Вы знаете Одессу? Бывали? Давно? Проездом?! Понятно, да… Вы не знаете Одессу, юноша, вот что я Вам скажу! Нельзя узнать женщину, встретившись с ней пару раз случайно в продуктовом. Даже если она каждый раз покупает одно и то же! А что если это временный психологический застой? А внутри нее, затерявшись под тяжелыми плитами повседневности, притаилось готовое вырваться в любую секунду, по случайному поводу, цунами нереализованных страстей.
А Одесса безусловно женщина! Да. Спящая красавица. Я помню ее совсем юной. Лет за сорок до того, как сбылось пророческое:
Уже дробит каменья молот,
И скоро звонкой мостовой
Покроется спасенный город,
Как будто кованой броней.
В мою же юность это был скорее город грязи, город пыли. Дороги пребывали в столь печальном состоянии, что носильщики из евреев за гривенник переносили на спине прохожих. По многим улицам страшно было отправиться без провожатого. Хотя случайный путешественник, доведись ему созерцать панораму города где-нибудь на паперти Троицкой церкви, мог восхититься величественными зданиями Одессы: театрами, училищами, библиотеками и человеческим роем, состоящим из сотен наций, собранных вместе благами, сопровождающими одесский порто-франко. Но обо всем по порядку.
Детство мое прошло вдали от балов, писателей и конских скачек. Я вырос на Молдаванке, в доме простого, но уважаемого в нужных кругах извозчика Фимы Соломонса. Молдаванка это безусловно не то место, где гуляют в красивых костюмах и платьях, выстукивая тростью по мостовой мелодию беззаботного достатка. Нет, что вы. Это одно и двух этажные хибарки, соприкасающиеся так тесно, что не оставляют секретам возможности побыть наедине.
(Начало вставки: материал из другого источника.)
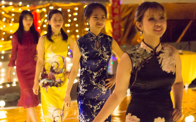 派对的高潮阶段是压轴出场旗袍秀。洛约拉大学中国学生学者联合会的全体成员在主席张越的带领下,身着各色旗袍一一亮相。美轮美奂的旗袍,再加上民国旋律的伴奏,整个走秀独具中国特色与美的享受。
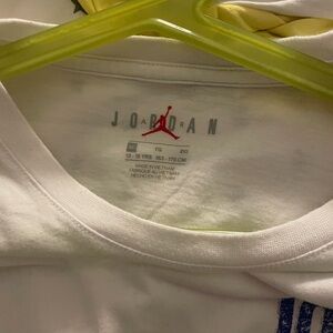Classic white long sleeve tee. Features bold blue and yellow Jordan branding. Ideal for casual wear.
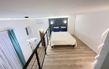A szoba végéből kényelmes lépcső vezet fel a légies megjelenésű galéria szintre, ahol a franciaágyon kívül méretes gardróbszekrény is helyet kapott.
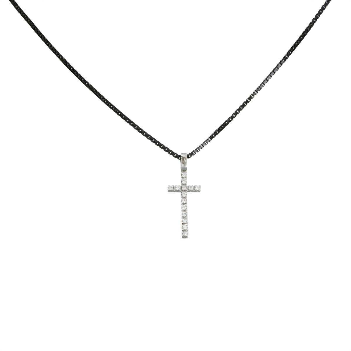 Collana donna recarlo, XE 088/BD, collezione classici, in argento 925 nero con croce in oro bianco 18kt e diamanti 0.11ct

Гуляя по Молдаванке, существовала возможность (и достаточно высокая!) вернуться домой без трости и костюма. Но в платье! Одесские ганыфы - люди чести, шо бы вы там не думали! Почти всех дома ждали матери, сестры, дочери, жены. Хотя случалось всякое, конечно. Могли и залетные пошалить, дело житейское. Фатум!
Ребенком я рос самым обычным. Не скажу, что вырос я каким-то волшебным, нет. Но почему-то людям это всегда кажется важным уточнением. Хех. Также как и все ходил в школу, гонял с пацанами по улочкам Бугаевки, раздражая вечно спешащих взрослых, искал, что плохо лежит на Складской, тикал от полицаев. Не будем долго на этом задерживаться.
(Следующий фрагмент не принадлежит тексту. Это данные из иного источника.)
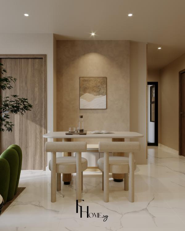 Thách thức: Căn hộ 68m2 cần đáp ứng nhu cầu sinh hoạt cho gia đình có trẻ nhỏ, đồng thời gia chủ mong muốn một không gian mang đậm dấu ấn cá nhân, vừa mộc mạc, bình dị kiểu Wabi Sabi, vừa gọn gàng, tinh tế kiểu Japandi.

Мне было девять, когда не стало отца. Попал под копыто лошади, тоже ничего необычного. Другое дело, говорят, будто он пьяный на четвереньках дергал ее за заднюю ногу, но разве я был там, чтобы наверняка утверждать такое про родного папа? Вообщем, похоронили его на старом еврейском кладбище лицом к воротам в тени раскидистых каштанов. Я смотрел на маман, рвущую волосы на свежей могиле, пытался выдавить такие необходимые случаю слезы, но чувствовал только пустоту и безразличие, опасаясь, что своим спокойствием сильно выделяюсь среди семидесяти четырех гостей похоронной процессии.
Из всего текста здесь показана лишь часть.